A field experiment was conducted at the experimental farm of Agriculture and Agri-Food Canada’s Research and Development Centre in Swift Current, Saskatchewan (50°15′N, 107°43′W). The site is located in the semiarid region of the Canadian prairies; according to the weather station of the research farm, the 2016 and 2017 growing seasons (May, June, and July) had 328.4 mm and 55.0 mm of precipitation, respectively; compared to the 30-year average (1981 to 2010) of 169.2 mm. The daily temperature averages for the 2016 and 2017 seasons were 15.6°C and 15.9°C, respectively, while the 30-year average was 14.93°C. The farm is on a brown Chernozem with a silty loam texture (46% sand, 32% silt, and 22% clay) and has been well described previously (34, 68).

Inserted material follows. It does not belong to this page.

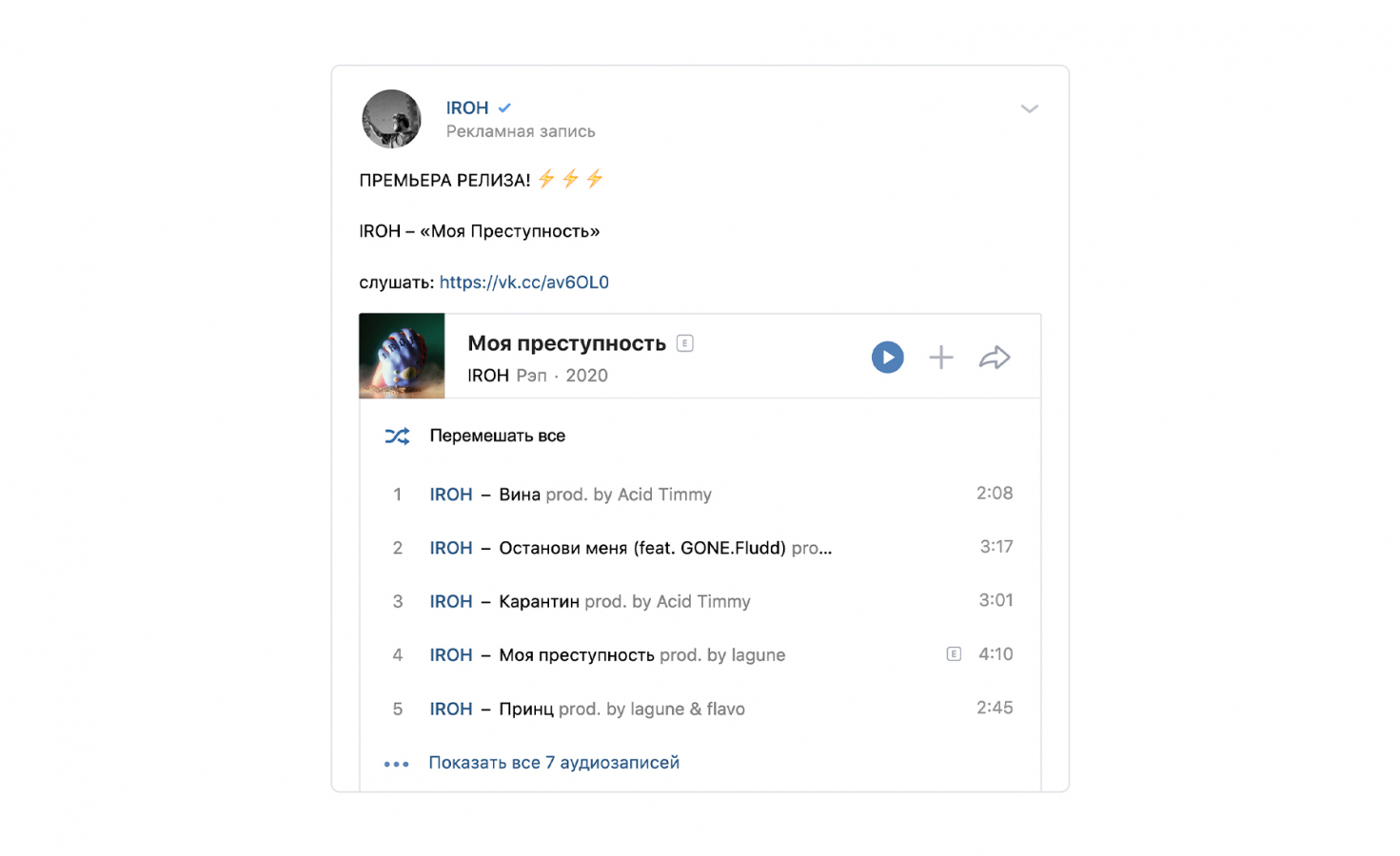 «ВКонтакте» запустила таргетинг на пользователей, которые слушают ту или иную музыку. Об этом Sostav рассказали представители соцсети.

The experiment was established in a field previously used for growing spring wheat (Triticum aestivum cultivar AC Lillian). A two-phase cropping sequence, consisting of a conditioning phase the first year and a test phase in the second year (see Fig. S1 in the supplemental material), was repeated in two field trials: trial 1, 2015 to 2016, and trial 2, 2016 to 2017, on adjacent sites (Fig. S1B and C). On each site, the experimental design was a split-plot replicated in four complete blocks. In the conditioning phase, three soil history treatments were randomly assigned to the main plots, consisting of spring wheat (Triticum aestivum cv. AC Lillian), red lentil (Lens culinaris cv. CDC Maxim CL), or left fallow (Fig. S1). Thus, the conditioning phase established a soil history composed of either wheat, lentil, or fallow, plus the respective management plans as described below (4, 33, 34).

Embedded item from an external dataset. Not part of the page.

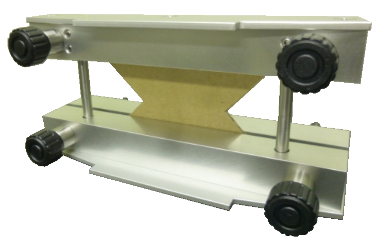 This tester measures the vertical compression strength of a corrugated board sheet, and is also referred to as an end crush tester. A corrugated board sheet is erected straight and load is applied on it. As the load increases, the maximum load is measured that is reached before the side surfaces of the corrugated board sheet is buckled. The strength perpendicular to the corrugated section is a characteristic value correlated to the pressure-withstanding capacity of the corrugated board case and also has a correlation with the ring crush characteristic of the raw paper. Measurement is performed on a specimen collected with a cutter for end crush tests (No. 2134) that is set into a crush tester along with this attachment.

In the test phase, the 12 conditioning phase plots were each subdivided, and five Brassicaceae oilseed crop species were randomly assigned to one of these five subplots (Fig. S1). The Brassicaceae crops seeded were Ethiopian mustard (Brassica carinata L. cv. ACC110), canola (B. napus L. cv. L252LL), oriental mustard (B. juncea L. cv. Cutlass), yellow mustard (Sinapis alba L. cv. Andante), and camelia (Camelina sativa L. cv. Midas). Therefore, the test phase established the Brassicaceae host plant-soil microbial community feedback, composed of the individual Brassicaceae genotypes, their soil microbial community, and their respective management plans, as described below (4, 33, 34). In total, each field trial had 60 subplots to sample (Fig. S1 and S2). For further details of this well-described experiment, including its design and treatments, see references 4, 33, and 34.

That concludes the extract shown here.